McClain signed as a free agent with the Dallas Cowboys on March 12, 2014. Although he looked strong and was taking advantage of the added work as Henry Melton recovered from knee surgery during off-season workouts, a high-ankle sprain he suffered in training camp affected his momentum. He played 13 games in a reserve role and finished with 20 tackles (3 for loss), 7 quarterback pressures, one sack and a forced fumble. His best game came against the Washington Redskins, notching 4 tackles, one sack and a forced fumble.

In 2015, he missed time during training camp with a bone bruise and hamstring injuries. He registered 4 tackles in the first two regular-season games, before being placed on the injured reserve list with a sprained big toe injury on September 22.

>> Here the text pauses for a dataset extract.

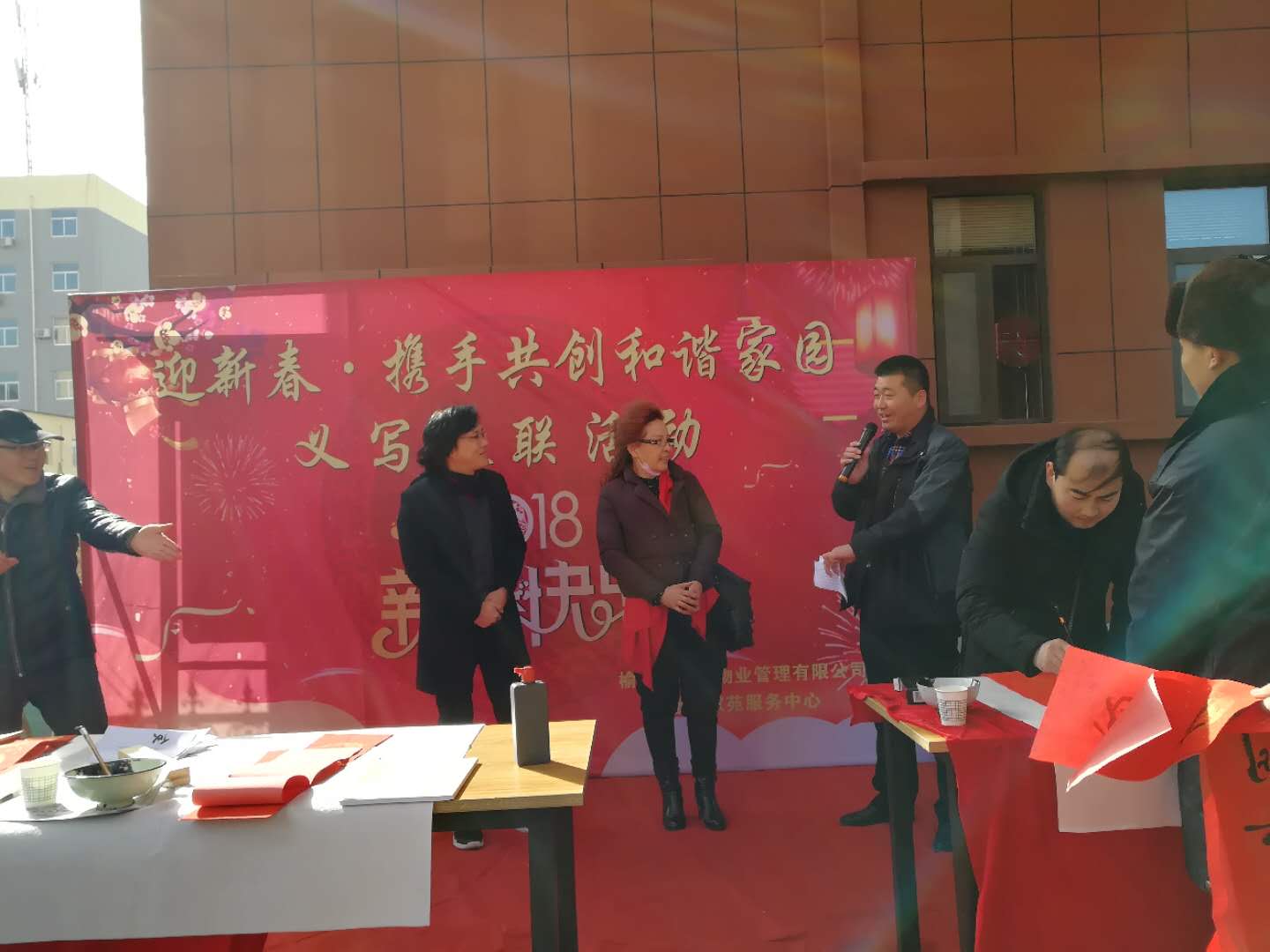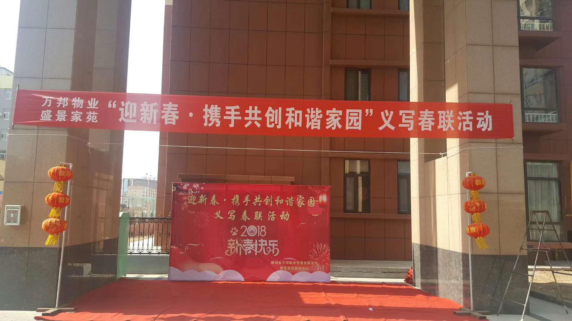 公司為喜迎新春,營(yíng)造歡樂(lè)和諧的春節(jié)節(jié)日氛圍,同時(shí)增進(jìn)業(yè)主的鄰里關(guān)系,進(jìn)一步弘揚(yáng)傳統(tǒng)文化,榆林市萬(wàn)邦物業(yè)管理有限公司于2018年2月8日舉辦了盛景家苑小區(qū)“迎新春·攜手共創(chuàng)和諧家園”義寫(xiě)春聯(lián)活動(dòng)。

In 2016, he was able to earn a starting position over new free agent addition Cedric Thornton. He started in 15 games mostly at the three technique position and was considered the best defensive lineman on the team according to the media and observers. In the season opener against the New York Giants he had 5 tackles (one for loss). His best game came against the Cincinnati Bengals, when he registered 6 tackles (1 for loss), 1.5 sacks and 3 quarterback hurries. He did not play in the last game to rest an ankle injury he suffered against the Detroit Lions and be ready for the playoffs. He finished the season with 41 tackles (3 for loss), 2.5 sacks, 8 quarterback pressures and 2 forced fumbles.

===Washington Redskins===
On March 10, 2017, McClain signed a four-year contract with the Washington Redskins. He started 2 out of 12 games at defensive end in the team's 3-4 defense, after being passed on the depth chart by Stacy McGee. He registered 20 tackles, 2 sacks and one fumble recovery. He missed weeks 12 through 15 with a toe injury he suffered against the New Orleans Saints. He was released on April 30, 2018.

===Atlanta Falcons===
On May 11, 2018, McClain signed with the Atlanta Falcons.

===Arizona Cardinals===
On May 22, 2019, McClain signed with the Arizona Cardinals. On August 26, 2019, McClain was released by the Cardinals.

===Kansas City Chiefs===
On October 8, 2019, McClain signed with the Kansas City Chiefs. He was released on October 19, 2019.

===Oakland Raiders===
On October 30, 2019, McClain was signed by the Oakland Raiders. He was released on December 10, 2019.

===Calgary Stampeders===
On May 2, 2022, McClain signed with the Calgary Stampeders of the Canadian Football League (CFL). McClain was assigned to the practice squad at the end of the preseason, but made his Stampeder debut on August 20, 2022, in a game against the Toronto Argonauts.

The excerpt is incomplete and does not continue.